Improvement of Gamma and Fast Neutron Shielding Behavior in New Ceramic by Adding Ho2O3 and Eu2O3: Experimental and Theoretical Studies

Abstract

This study is about improving the shielding performance of new types of ceramics produced by adding Ho2O3 (Holmium(III) Oxide) and Eu2O3 (Europium(III) Oxide) to ceramic bodies against nuclear radiation, namely neutrons and photons. Within the scope of the study, photon intensities (I and I-0) emitted by Barium-133 radioisotope were measured experimentally at different energies (81, 160, 223, 302, 356 and 383 keV). Using the obtained results, mass attenuation coefficient (mu rho), linear attenuation coefficient (mu, cm(-)1), half-value thickness (Delta(0).(5)), mean free path (lambda), effective atomic numbers (Zeff) and electron densities (Nel) were derived.
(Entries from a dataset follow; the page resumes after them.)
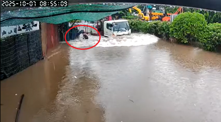 Sáng 7/10, mưa lớn kéo dài khiến nhiều tuyến phố Hà Nội chìm trong biển nước, giao thông hỗn loạn. Tại phố Kẻ Giàn (đoạn nối Tân Xuân ra Phạm Văn Đồng, gần khu đô thị Ciputra), một tình huống thót tim đã được camera người dân ghi lại.
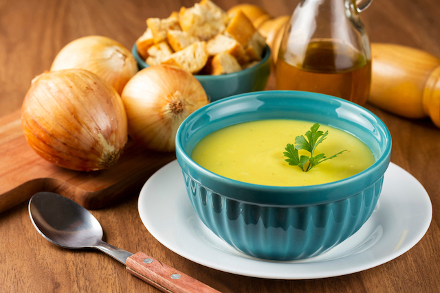 Cureţi ceapa, o speli bine, o toci mărunt, după care o pui într-o oală mai mică cu două linguri de unt topit și cu turmericul. Adaugi 200 ml de supă caldă, cartofii tăiați cubulețe şi laşi să fiarbă 5 minute din momentul în care dă în clocot.
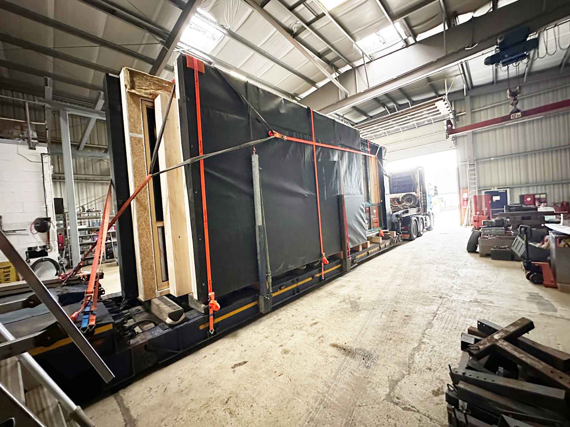 Werden die Häuser zu groß, müssen sie in Teilen gefahren werden. Fertighaus-Hersteller beauftragen uns gern mit Transporten, eben weil wir nicht nur Schwerlast und Ladungssicherung „können“, sondern weil auch diese Teil-Transporte ja zu schwer zu erreichenden Abladeorten gefahren werden müssen. Deshalb haben wir bei SLEEPY auch Fahrer, die wir vorrangig für diese fahrerisch komplizierten „Offroad-Aufträge“ einsetzen: Viel Erfahrung und Fingerspitzengefühl für die wertvolle Fracht inklusive.
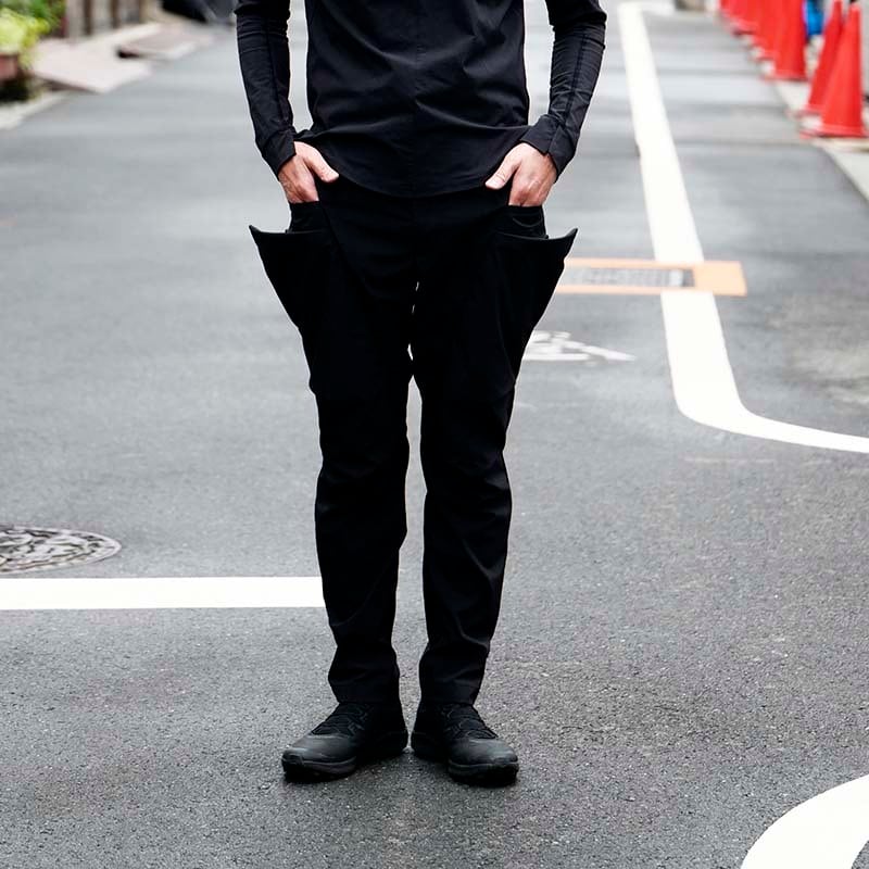 カーゴパンツなのに近未来的な雰囲気のある、3Dパターンのテーパードスタイル。

Experimental results were compared with theoretical values obtained from the EpiXS program. Equivalent Absorbed Dose (EAD) values characterizing the experimental shielding properties of fast neutrons were measured using BF3 gas proportional neutron detector and 241Am/Be neutron source. Theoretically fast neutron shielding parameters (Sigma R) were also calculated. It is concluded that doping of ceramic bodies with Ho2O3 and Eu2O3 increases both photon and neutron shielding performance. Experimental results demonstrate the potential of these doped ceramics as effective materials for radiation shielding and the possibility of tailoring their performance by adjusting the doping concentrations. It is thought that the data obtained as a result of this research will be very important for applications in nuclear reactors, medical radiation protection and various high radiation environments.